Four years ago, we calculated the "equilibrium price" of NG for the US using data and full-cycle economic analyses. The calculation was done to find the required price for a company to get a return on its investment. We used "activation index" -how many dollars are required to deliver one Mcfd NG plus the observed production decline rates and the reported operating costs. For the US as a whole, the average equilibrium price was about $2.50, but such average pricing is of little use because local equilibrium prices ranged from $l/Mcf to $4.75/Mcf.
Calculating the national equilibrium price is an enormous headache to gather the required data. Yet, the equilibrium price would probably not result in much difference in the price. This is why, four years ago, we said that if anybody can bring liquefied natural gas (LNG) in the US for $3.50/Mcf would find a very inviting market share. Several companies acted on this advice.
What about domestic production?
Nothing shows the maturity of the US oil and gas business than the hopelessness of substantially increasing domestic production no matter how much drilling is done and no matter how much politicians exhort the virtues of "energy independence." Maturity in petroleum production implies several factors in a combination of one, two or all three factors: reservoir pressure decline, water influx into the production zone or exploitation of less and less geologically attractive zones. Simply stated, it takes 200 to 250 successful oil wells in the continental US to equal the production of one average Saudi Arabian well.
For NG, the situation is actually equally bleak if not worse. For the last four years, the number of rigs drilling for gas increased from a little less than 700 to almost 1 ,200-a 70% increase. And yet, NG production has remained flat to slightly declining.
The geological and physical requirements for increased production are simply no longer there. The increase in drilling activity, fueled by the recent unprecedented NG price increases, is barely slowing down the inevitable decline of domestic production.
So what does this mean for gas users and investors? Get used to volatility. Now that NG prices are declining, we believe they could fall yet further. But don't be surprised if NG prices increase to $16+ if we have a hot summer and/ or a cold winter.

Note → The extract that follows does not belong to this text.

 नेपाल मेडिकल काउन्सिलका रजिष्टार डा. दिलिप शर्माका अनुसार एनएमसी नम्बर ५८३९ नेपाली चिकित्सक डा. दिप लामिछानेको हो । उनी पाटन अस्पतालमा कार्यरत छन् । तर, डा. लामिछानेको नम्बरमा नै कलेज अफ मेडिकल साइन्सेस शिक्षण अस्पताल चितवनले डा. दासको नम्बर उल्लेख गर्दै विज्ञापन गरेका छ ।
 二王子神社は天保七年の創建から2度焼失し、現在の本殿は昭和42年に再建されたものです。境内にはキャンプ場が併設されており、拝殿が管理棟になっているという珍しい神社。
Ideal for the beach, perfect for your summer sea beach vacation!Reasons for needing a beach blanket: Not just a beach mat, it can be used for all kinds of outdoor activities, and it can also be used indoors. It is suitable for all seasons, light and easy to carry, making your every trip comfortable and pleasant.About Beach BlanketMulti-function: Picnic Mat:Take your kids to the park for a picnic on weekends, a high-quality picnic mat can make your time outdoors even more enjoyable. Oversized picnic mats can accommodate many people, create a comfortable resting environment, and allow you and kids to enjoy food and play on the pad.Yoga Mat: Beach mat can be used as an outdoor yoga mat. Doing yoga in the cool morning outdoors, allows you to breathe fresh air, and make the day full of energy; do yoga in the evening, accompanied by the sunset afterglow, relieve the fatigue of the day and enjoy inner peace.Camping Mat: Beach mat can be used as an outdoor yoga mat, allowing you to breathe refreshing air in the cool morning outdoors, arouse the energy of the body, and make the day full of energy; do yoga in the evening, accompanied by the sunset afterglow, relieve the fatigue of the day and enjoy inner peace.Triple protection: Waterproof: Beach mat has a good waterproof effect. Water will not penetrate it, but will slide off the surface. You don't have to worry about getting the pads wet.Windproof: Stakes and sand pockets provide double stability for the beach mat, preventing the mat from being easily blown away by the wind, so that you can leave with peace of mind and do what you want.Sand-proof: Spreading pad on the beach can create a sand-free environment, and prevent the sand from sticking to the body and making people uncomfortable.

This volatility will continue until the US begins receiving on a regular daily doses-several billion cubic feet (Bcf)-of LNG. Importing LNG is the only answer to US' predicament but the solution is at least two years away.
US is not alone on NG issues.
The UK, the world's other major deregulated gas market, is experiencing similar problemsdeclining domestic production and how to secure supply in advance of completion of major import facilities.Likewise, the UK is also experiencing highly volatile NG prices driven by winter supply (or lack of it), with more substantial seasonal swing than in the US. The forward price curves for NG in the UK and US suggest such price volatility will persist, at least until 2008 when new LNG (and pipeline in the case of the UK) import facilities become functional (Fig. 1).
In 2006, the security of LNG supplies over pipeline supplies from third-party countries was highlighted by two events in Europe:
• Ukraine and Russia disputes in January 2006 led to brief cuts in Russian supplies to continental Europe.
• Inability of the Interconnector (Bacton to Zeebrugge) pipeline connecting UK with mainland Europe to respond to market forces and supply gas shortfalls in the UK's deregulated market at premium prices with gas from substantially regulated markets of continental Europe in spite of pipeline capacity being available.
The latter issue has caused several NG price spikes in UK between October 2005 and March 2006. Price spike in March were made worse by a fire in the UK's largest gas storage reservoir (Centrica's Rough field), taking the facility offline for several months. On March 13,2006, UK NG prices at the National Balancing Point (NBP) rose from 60 pence/therm (~$10.5/MMBtu) to 200 penceltherm (~$35/MMBtu) across the day. With the new LNG receiving terminals and direct pipelines from Norway (2008), the UK's dependence on controlled continental European gas market behaviors will become less important.
State of NG
NG is the world's second largest source of primary energy. It accounts for about 23% the total world energy demand, currently estimated at 450 quads (quadrillion Btu). By coincidence, one quad is also very near one trillion cubic feet (Tcf). Thus, the world consumes approximately 100 Tcf ofNG. In addition, NG also provides about 23% of the US' energy consumption, which is about 105 quads.
NG is the cleanest burning fossil fuel and produces less emissions and pollutants than crude oil or coal. Since the early 1970s, NG world reserves have steadily increased at an annual rate of 5%. Similarly, the number of countries with known reserves has also increased from around 40 in 1960 to about 85 presently.
While NG abounds throughout the world, facilities to receive and distribute this product to market are limited. These facilities include pipelines across land masses and LNG transports across the oceans. Once new LNG facilities come online in the US, starting in late 2007 or early 2008, NG will undoubtedly emerge as the dominant fuel, first for power generation then, in the longer-term for transportation-a far more demanding energy transition.
China and India are racing from the developing world to economic superpower status. But nations are using very different approaches. China is applying a manufacturing agenda; India is developing a services
approach. Together, China and India will usher in a broader and more powerful strain on globalization that will put more pressure on the developed world.
The rapid growth in China and India over the last few years is unprecedented, precipitating huge demand increases for all energy resources. Result: The rest of the world is scrambling for the same energy sources including NG. The US, with the largest and most pressing energy needs, is hampered by the myriad of permit approvals required for LNG siting.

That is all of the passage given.